Mais peut-être que l'article le plus significatif de ces amendements est celui qui ouvre la voie vers un processus de transition concret: des élections parlementaires auront lieu dans les 6 mois et un comité de 100 hommes sages qui rédigeront la future constitution, sera nommé, bien qu'il ne soit pas clair de savoir par qui.

Dans un pays où les partis et les syndicats sont illégaux, avec une armée qui règle et contrôle la situation, le référendum qui propose ces changements à la Constitution signifiait pour certains secteurs comme le reste de la machine d'Etat, le meilleur moyen pour reprendre en main la Révolution et la contrôler.

Les principaux acteurs de la révolution étaient contre ces amendements parce qu'ils demandaient un réel processus constitutionnel, contrairement au bloc YES (constitué par les frères musulmans, l'Armée et les restes du Parti démocratique national, avec le soutien des États Unis).

La victoire du YES, avec une faible participation, montre que ce scénario est toujours possible. Si les forces politiques et sociales qui ont fait la Révolution s'organisent, la porte pour arriver à une nouvelle constitution sera toujours ouverte. C'est ce que Samir Amin nous a dit.

Ahmed Maher, l'un des leaders de la jeunesse du mouvement du 6 avril nous a dit qu'il ferait un tour d'Europe pour informer sur la Révolution, en commençant par Grenade (Espagne).

LE RÔLE EMBARASSANT DE L'UNION EUROPEENNE

Comme les États-Unis, l'UE était une collaboratrice de Mubarak, puisqu'elle a donné son accord à une association dont le but était de garantir la liberté du commerce sans demander l'application de  l'article 2 sur le respect des droits humains.
L'approche habituelle de l'UE, et celle des principaux groupes politiques, est d'influencer le processus  de changement de manière à éviter une orientation progressiste, de gauche et anti-impérialiste des nouvelles institutions égyptiennes.

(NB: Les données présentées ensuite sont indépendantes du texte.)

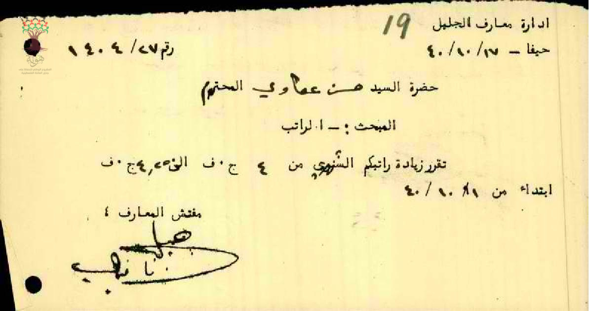 تقرير زسادة راتب المعلم حسن عكاوي

C'est un véritable exemple donné lors de la conférence de presse par le président du Parlement européen, Jerzy Buzek (polonais-PPE) à la fin de notre visite, se proposant lui-même de partager les expériences des processus en Europe centrale et orientale avec la société civile égyptienne.

En d'autres termes, éviter le progrès des idées socialistes en Égypte.

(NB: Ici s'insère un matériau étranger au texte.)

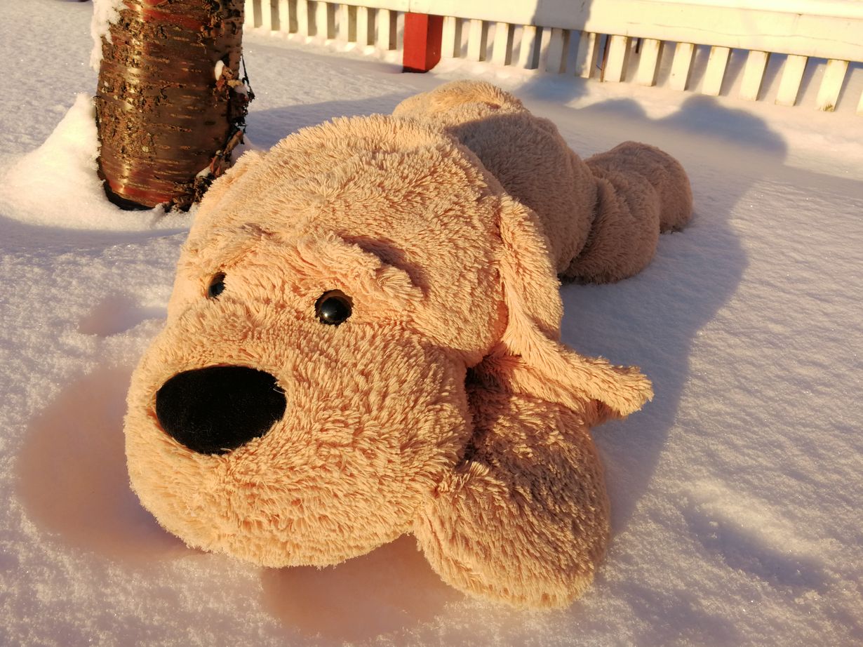 Tätä unikaveria piiloteltiin auton peräkontissa ennen kuin annoimme sen pojallemme syntymäpäivälahjaksi. Ilmankos unikaveri tykkää nykyäänkin matkustaa autossa mukana milloin missäkin.

Les fondations des partis politiques européens vont investir beaucoup d'argent et de ressources pour soutenir les forces conservatrices, libérales et de droite. Cela a déjà été annoncé.

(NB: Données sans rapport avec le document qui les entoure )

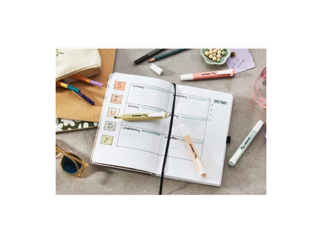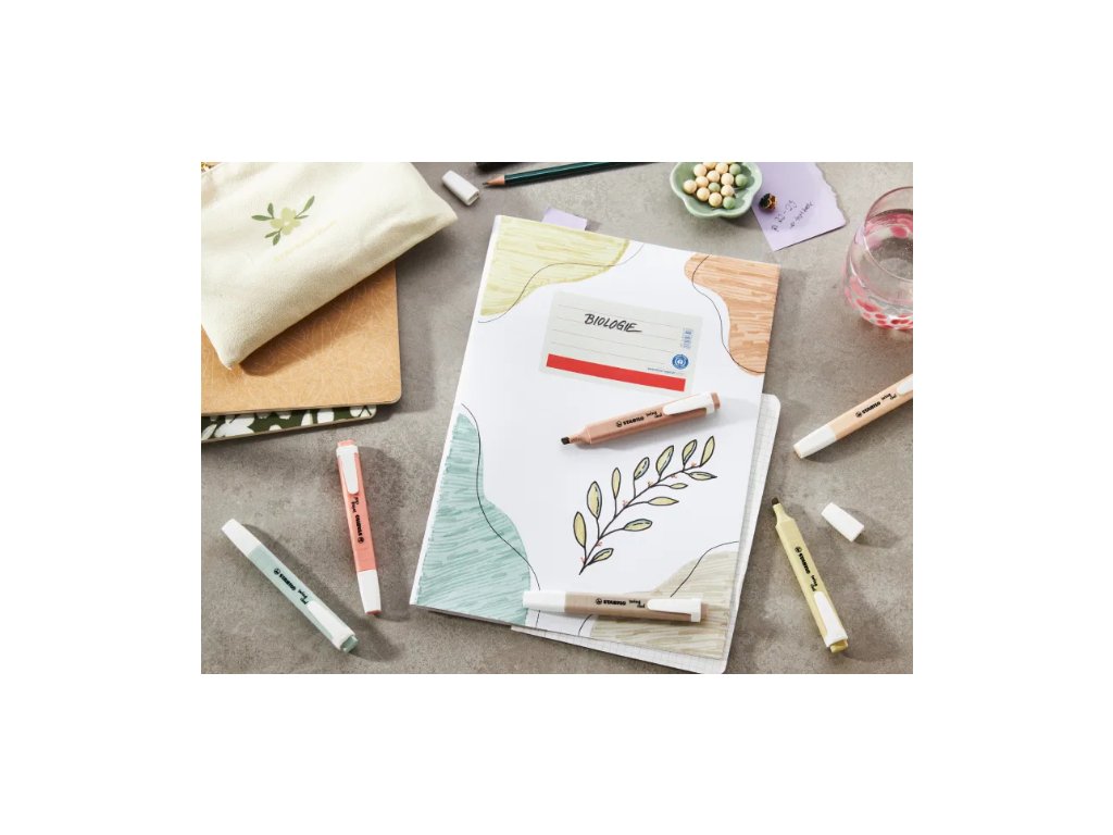 STABILO swing cool NatureCOLORS nabízí estetické akcenty a dodává textům jemnou strukturu - v barvách jako siena, bahenní zelená a zemitá zelená. Díky zkosenému hrotu jsou dvě šířky stop - 1mm a 4mm - takže zvýrazňovač lze použít jak pro zvýraznění, tak pro podtržení.

Je suis persuadé que, dans la mesure de nos possibilités, nous devrions faire de même de façon à aider la révolution. La société civile nous a expliqué qu'il y a encore des arrestations et des tortures commises par les forces de police et militaires.

Nous étions supposés rencontrer Ragia Omram, membre de la Coalition de la Jeunesse de la Place Tahrir, mais nous n'avons pas pu parce qu'elle a été arrêtée le jour même du référendum. Lors de notre rencontre avec le Premier Ministre, Essam Sharaf, je lui ai montré notre inquiétude à propos de ces arrestations et ces tortures et il m'a répondu que Ragia Omram a été arrêtée et finalement relâchée le jour suivant, et il s'est engagé lui-même à en finir avec ces pratiques.